Well, if it should so develop that you did, we would be most interested in obtaining copies of them if we could.

Peierls:

I can look in one or two places very easily; beyond that things are most likely to come to light when I pack up to go to Oxford. Would that still be useful; that would be maybe in a month or two?

Heilbron:

Oh, yes indeed.

Heilbron:

Well, I think I’ve trespassed on your time quite extensively, but I should like to ask one or two questions about your own early work before we stop. It has to do with these little papers you tossed off. I was curious as to where they came from, and how the questions came up.

Peierls:

Well, a lot of my work usually starts when I’m annoyed with seeing something I disagree with, or when something is done in a foolish way. On the question of the paper about the ionization potential I saw some paper, I think in the Philosophical Magazine, which I probably quote, where somebody has looked at the trend of the ionization potential and seen some breaks in that curve at the closed shells, which is obvious, but then also some breaks in between which seemed curious to him and it raised (???). It seems to me quite obvious that one should be able to get that out by much simpler means. Now this was a time when the energy of the many electron system was not a trivial thing because of all the group theory complications. And I was therefore pleased to notice that you could get some combinations of things which would give fairly simple answers, and I proceeded to write that down.

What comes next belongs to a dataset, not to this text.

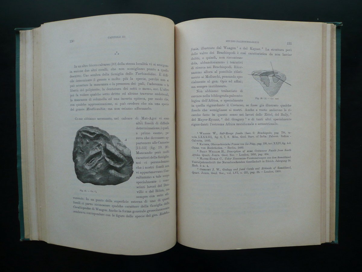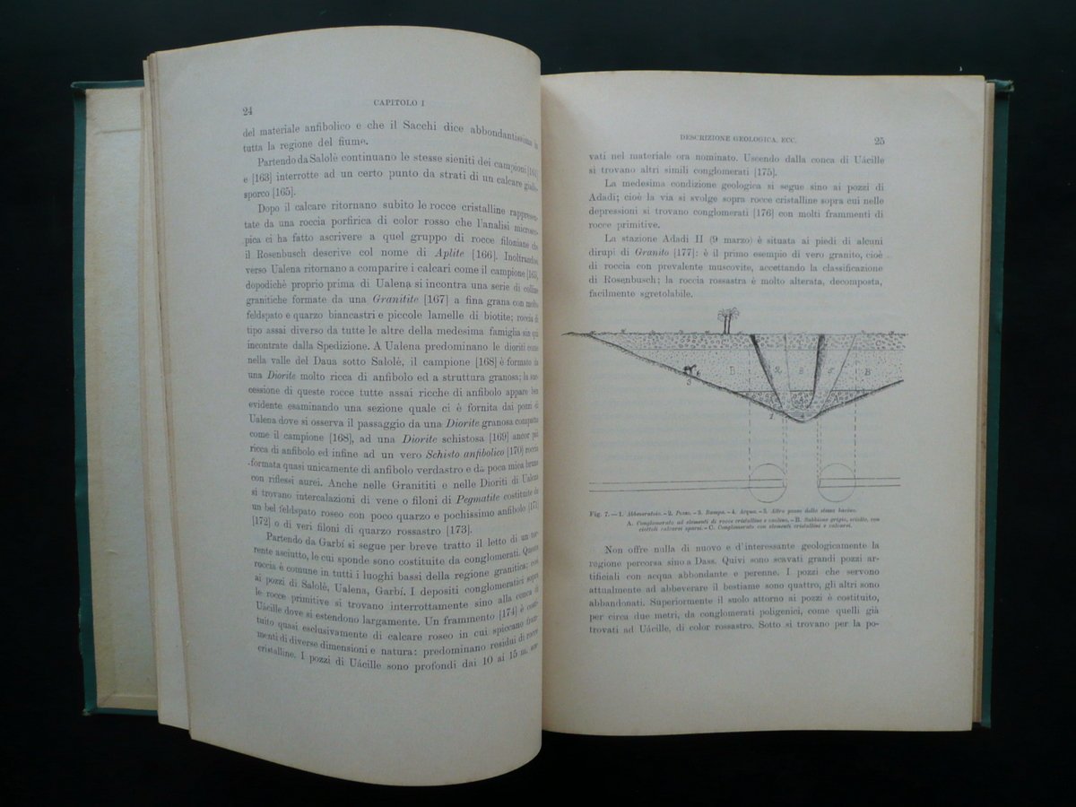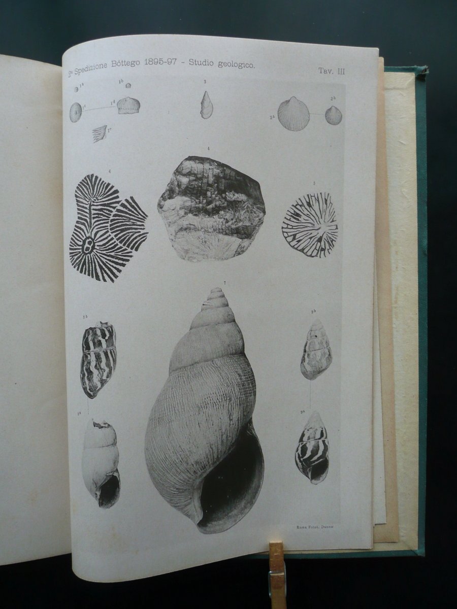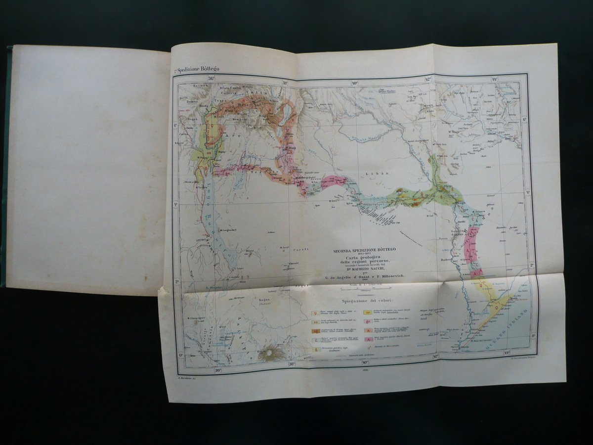 G. De Angelis d'Ossat e F. Millosevich, Seconda Spedizione Bòttego - Studio Geologico sul materiale raccolto da M. Sacchi Società Geografica Italiana, Roma 1900, cm 24,5x17,5, pp. 212 con 25 fig. in b/n n. t., IV tavole in b/n f. t., una carta a col. rip. più volte al termine del testo, e un ritratto fot. in b/n del Sacchi all'antiporta. Legatura in tutta tela con titolo impresso in oro al dorso. Condizioni di conservazione Esemplare in buone condizioni con tracce d'uso; coperta con alcuni lievi aloni e difetti, margine est. del piatto ant. e cuffie con poche piccole mancanze; dorso con lievissimo accenno d'ingiallimento e piccole tracce di precedente etichetta applicata alla cuffia sup. Interni buoni con poche lievissime bruniture ad alcune pagine; un margine della carta ripiegata con una pieghetta e un minimo strappetto. Con 25 figure in bianco e nero nel testo, IV (4) tavole con relativa descrizione in bianco e nero fuori testo e una carta geologica a colori ripiegata più volte al termine del testo. SETT89.L8035 N
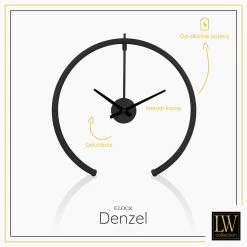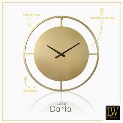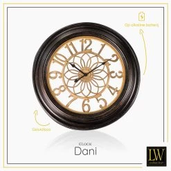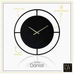 LW Collection Wandklok Danial Zwart Goud 60cm

Whether today one would regard that as a good argument or not, I don’t know; it certainly makes the trend much more plausible than in the paper I was looking at. That was that. In the other paper about bound states I was just pleased to see one could make a general argument from very elementary means using the variation principle. There is a dreadful ‘howler’ in that paper because I discuss the one dimensional state correctly, and then I remark that in three dimensions, it is the same because the Schrodinger equation is the same in three dimensions as in one. This is true except for the little fact that in three dimensions, of course, the quantity which satisfies the simple equation is r?. Therefore, it evidently must vanish at the origin, and of course if one puts in that condition, the thing is quite different. So that one sentence in the paper is complete nonsense; everything else is all right as far as I know.

Heilbron:

I hadn’t noticed that; one reads the one dimensional argument end assumes that the sentence, “that it’s all good for —”

Peierls:

Right, well, that’s how I made the mistake.

Heilbron:

Do you remember how that came out?

Peierls:

No. There must have been a discussion about it and there was a little doubt under what circumstances you would or wouldn’t get a bound state. Actually I think what probably happened was that some people were aware of the fact that in three dimensions you do not necessarily get a bound state and were discussing this, and this puzzled me. And therefore I thought I had a proof to settle that argument, which of course I didn’t. But most of what it says in the paper is perfectly correct.